The purpose of the Terry stop is to allow an officer to conduct a pat down search to determine whether the person is carrying weapon. The issue is not the discovery of evidence, but to allow the officer to pursue his investigation without fear of violence. Thus, to conduct a Terry stop, the officer must reasonably believe that his safety or the safety of others is threatened. If either the seizure (the initial stop) or the search (the frisk) is found to be unreasonable, the remedy is to exclude all evidence derived from the illegal government activity.

Of course, despite all of the rhetoric regarding officer safety, the “frisk” component has, over the years, morphed into the permitting of a “plain feel” exception to the search warrant requirement in Pennsylvania. Thus, the appellate courts have sustained a seizure where the police, with reasonable suspicion to belief that a person was involved in a drug transaction, felt an object having the “’consistency of a bundle of caps’ [cocaine vials].” However, a frisk is only legal if it is directed toward weapons. The Superior Court has also held that one may not justify a frisk based on a rationale that “guns and drugs go together,” or that one may search items that could not be dangerous (foil, plastic bags, etc.).

Police interactions with the public are defined as “mere encounters,” “investigative detentions,” or “arrests.”

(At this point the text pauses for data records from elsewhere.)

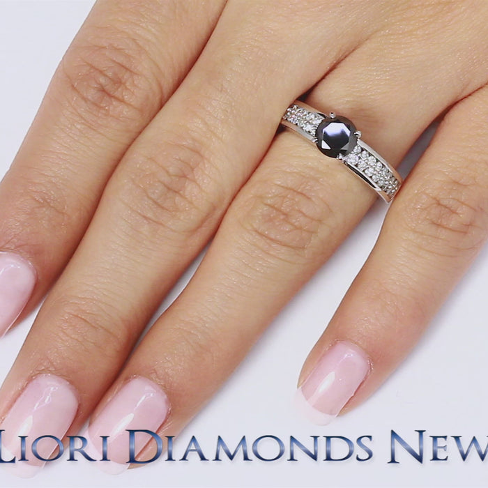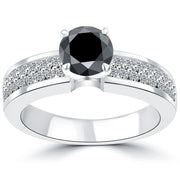 1.40 Carat Certified Natural Black Diamond Engagement Ring 14k White Gold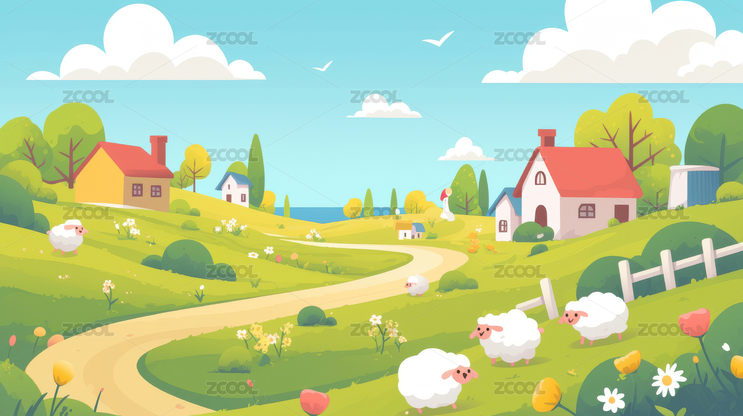 卡通,农舍,养鸡场,插画,农场,散养鸡,土鸡,家禽,放养鸡,农家鸡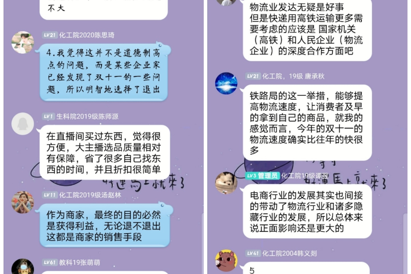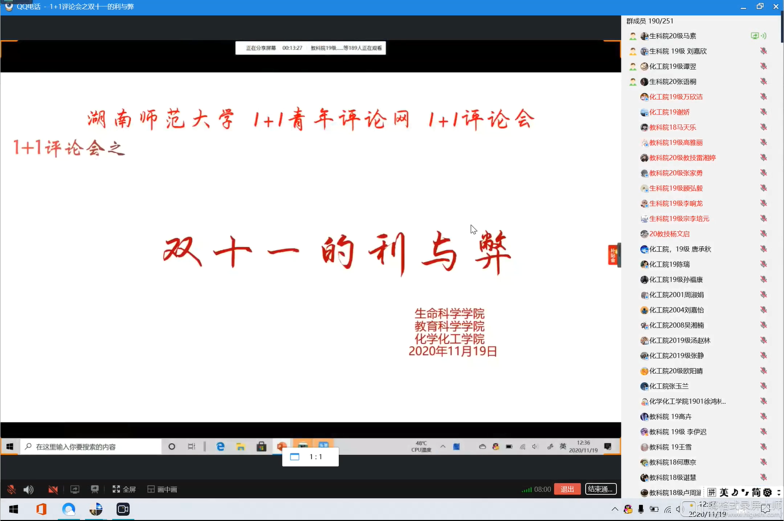 (通讯员马素)11月19日中午,天天精品视频免费观看、教育科学学院、化学化工学院通过线上活动的形式联合举办以“双十一的利与弊”为主题的1+1评论会。马素担任主持人。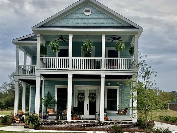 186 Spreading Oak Drive is Southern Living at its finest. Nestled in the back of Litchfield Plantation, it is a Charleston style home with water views and double porches in front and sides of the home. The great room features custom built ins and light fixtures. Natural light pours in from the over-sized windows during the day. Master suites with walk-in closets are on the first and second floor. Both master bathrooms feature waterfall shower systems. There is a designated laundry room. The amenities of Litchfield Plantation include: beach house access on Pawleys Island beach, swimming pool, marina, and 24 hour guard gate.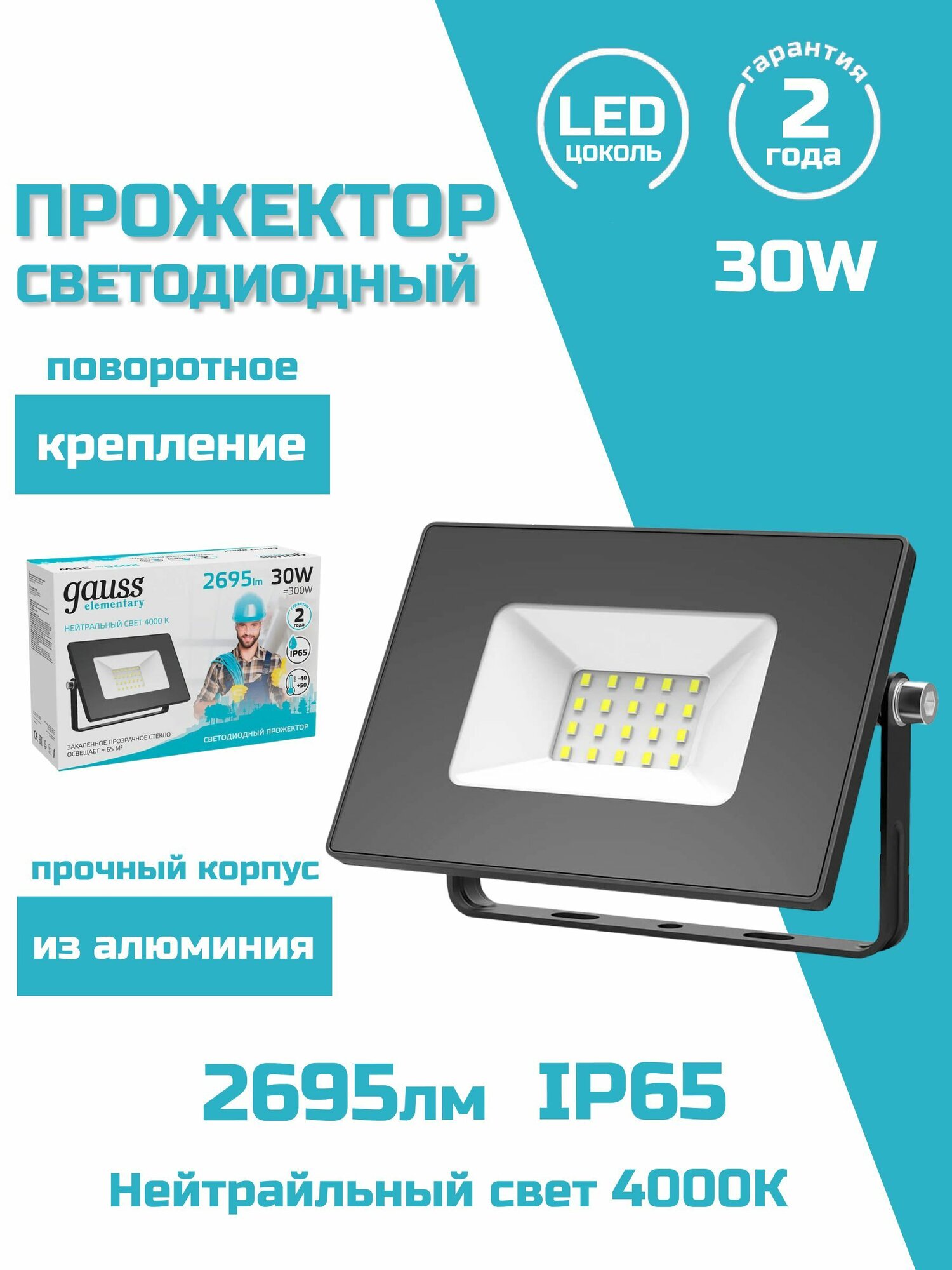 Прожектор светодиодный gauss Elementary 613100230, 30 Вт, свет: дневной белый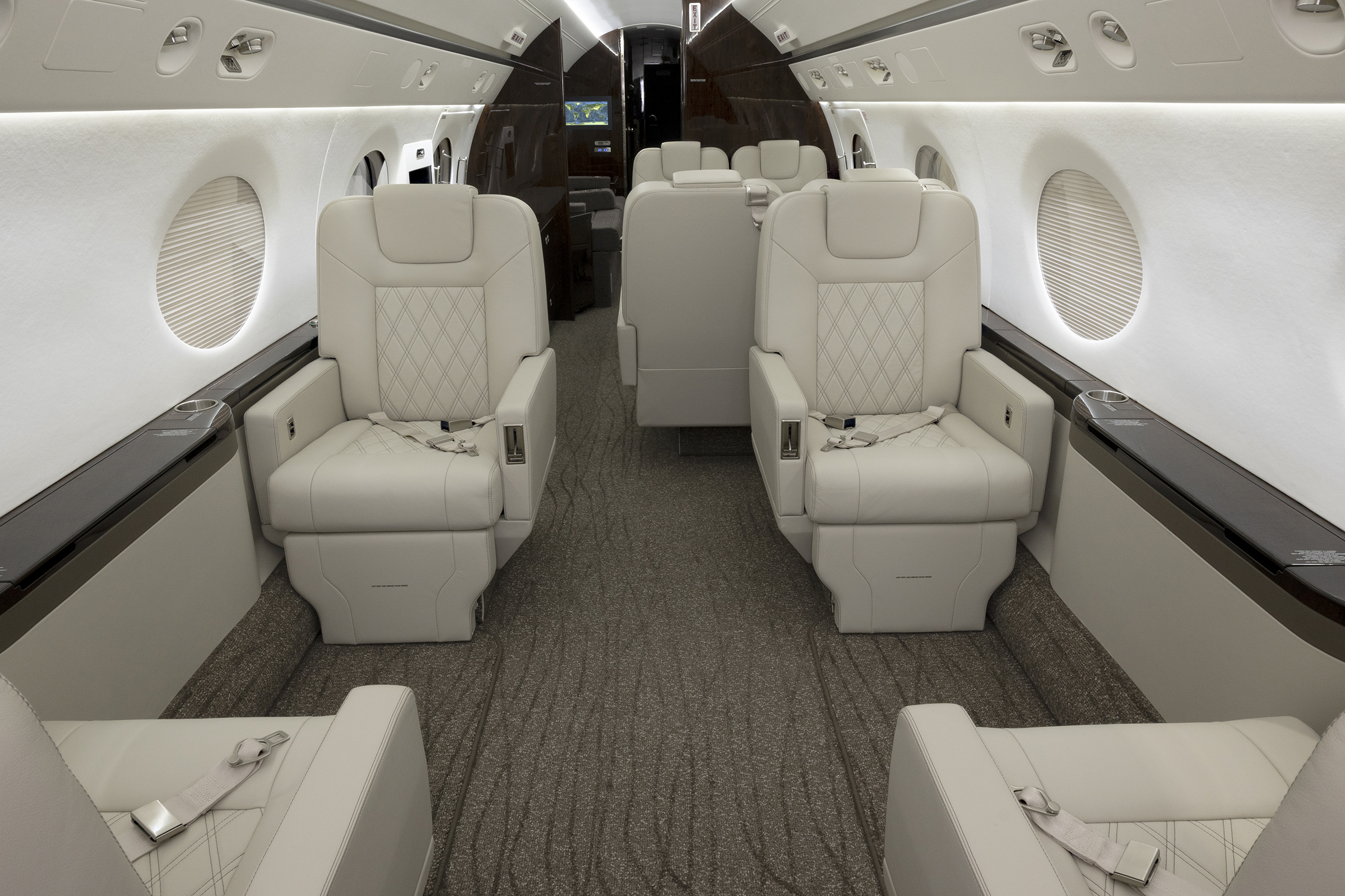 Lead Designer Jack Bauder said the interior of this aircraft is highlighted by new seats and handrails inspired by the Gulfstream 600.
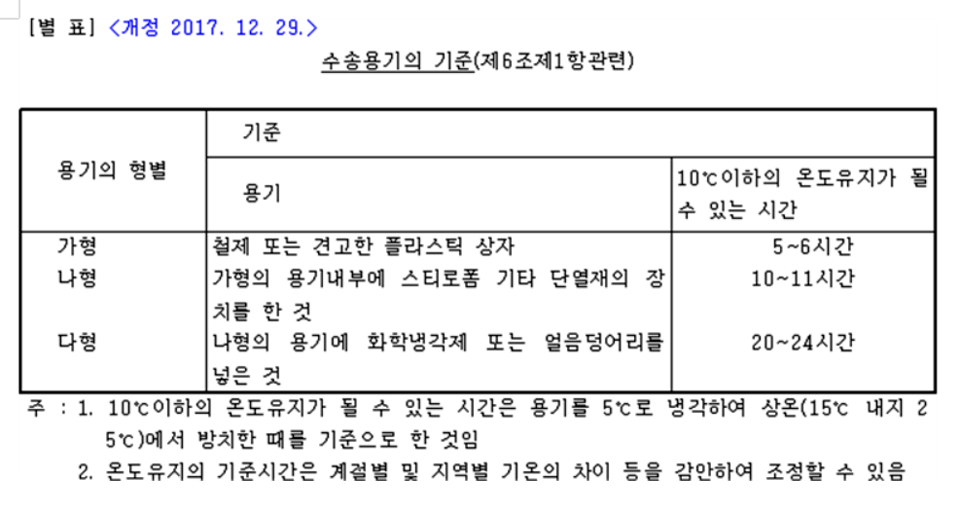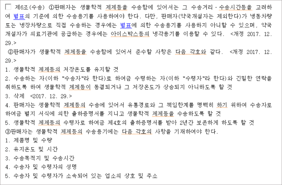생물학적제제규칙 제6조(수송)제2항제1호는 ▷'생물학적제제등의 저장온도를 유지할 것'으로 돼 있고 ▷의약품안전규칙 제62조제7호 관련 [별표6] '의약품 유통품질 관리규정(속칭, KGSP)' 제7호마목2는, '보관온도의 구분이 필요한 의약품은 운송 중에 적정한 온도를 유지하여야 한다'로 규정돼 있다.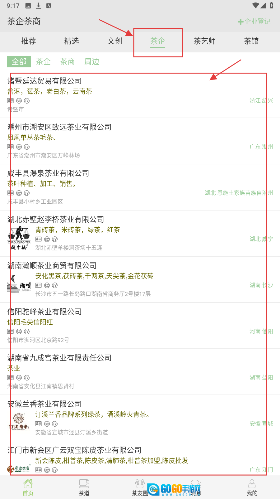 3、在上方点击【茶企】,查看茶企信息,了解各个茶企业务。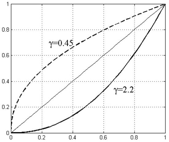 Figure 1 shows the Gamma correction curves for different coefficients. As shown, the dashed line represents , when the dynamic range of the area with small grayscale values is extended and the contrast ratio is enhanced as well []. According to the histograms of the grayscale of the background pavement, a suitable is chosen to transfer the grayscale range of the damage area to similar ones as those of the background pavement, improving the detection effectiveness and efficiency. The value is determined by: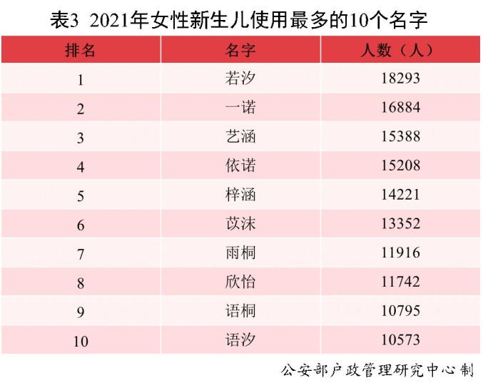 2021年出生并已经进行户籍登记的女性新生儿中,使用频率最高的10个名字依次为:若汐、一诺、艺涵、依诺、梓涵、苡沫、雨桐、欣怡、语桐、语汐。与2020年相比,若汐、艺涵、苡沫首次进入前十,其中“若汐”使用人数达到1.8万,登顶榜首,成为女性新生儿名字首选。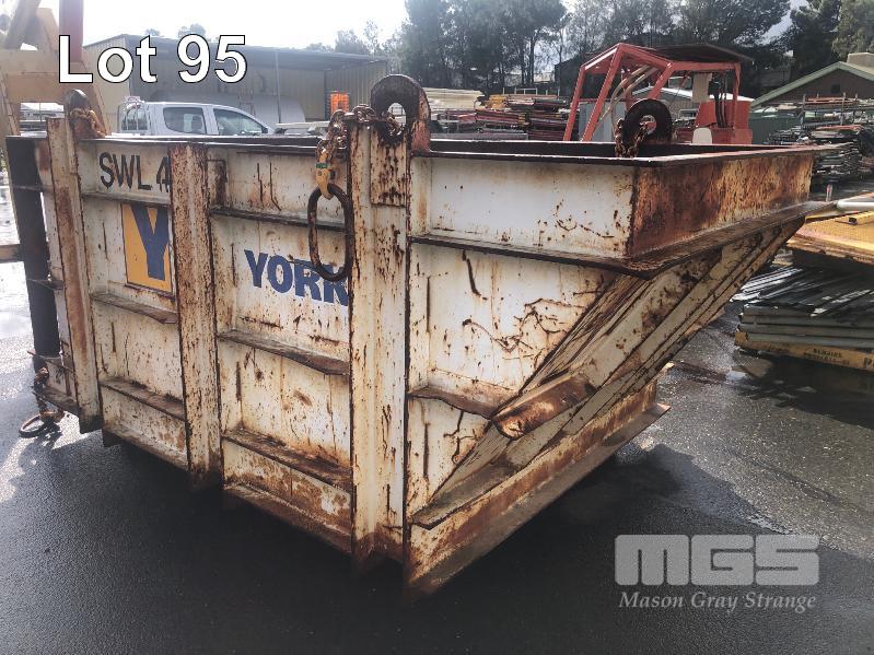 CRANE LIFT WASTE BIN, 4 TONNE SWL, 2600 x 1600mm, WITH LIFTING & TIPPING CHAINS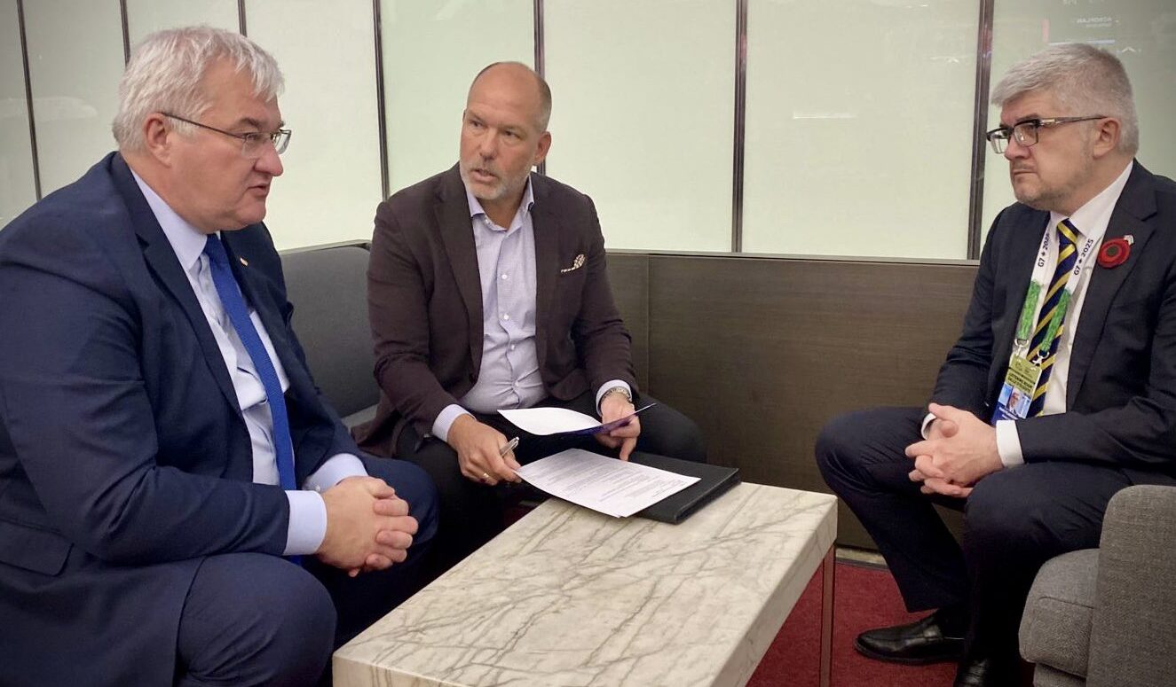 Президент Світового Конґресу Українців (СКУ) Павло Ґрод провів зустріч з міністром закордонних справ України Андрієм Сибігою та послом України в Канаді Андрієм Плахотнюком у Торонто 12 листопада.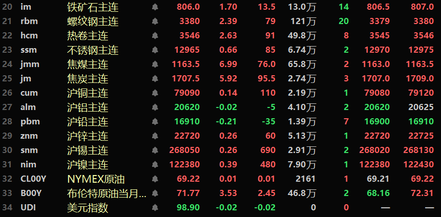 隔夜黑色系均飘红,铁矿涨1.7%,不锈钢涨0.66%,螺纹钢涨2.39%,热卷涨2.63%。双焦方面:焦煤涨6.99%,焦炭涨5.92%。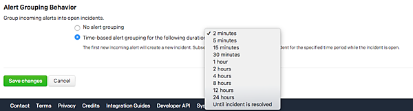 Service設定のAlert Grouping Behaviorで、Time-based alert grouping for the following durationを選択し、抑制したい時間をプルダウンから選びます。

Constitutional protections against unreasonable “searches and seizures” extend only to those instances in which a “seizure” of the individual has occurred. A “seizure” occurs only when a reasonable individual would not fee “free to leave.” Any interaction where a reasonable individual would feel free to leave or where the police engage in conduct not amounting to a search, such as observing something in plain sight does not require a legal basis for the police activity.

An interaction during which a reasonable person feels free to leave is a “mere encounter.” Of course,”reasonable” varies a great deal between individuals. In Pennsylvania,a seizure is established whenever the police restrict movement, request identification, or ask about crime or criminal conduct. For example, a safety check or rendering assistance is a mere encounter, not a seizure.

In order for the police to engage in the next level of interaction, the “investigative detention,” there must be a level of articulable reasonable suspicion on the part of the police. Thus, a mere encounter may turn into an “investigative detention” if the police can articulate a level of reasonable suspicion. A circumstance under which this may occur is if an officer stops you and asks for identification. The Superior Court has held that asking for identification creates an investigative detention that must be supported by reasonable suspicion. However, in the everyday course of events, most normal people will not refuse. If you do, the police may detain you until identification can be made. Since this is an inconvenient for which there is usually no vindication unless you are really doing something wrong, I always advise to carry ID. If everything checks out, the police will usually advise that you are “free to leave.” They tell you this because, having no reasonable suspicion, they cannot hold you unless you create another basis for reasonable suspicion. And you must be “free” to create one. Walk away and give them no reason to stop you again.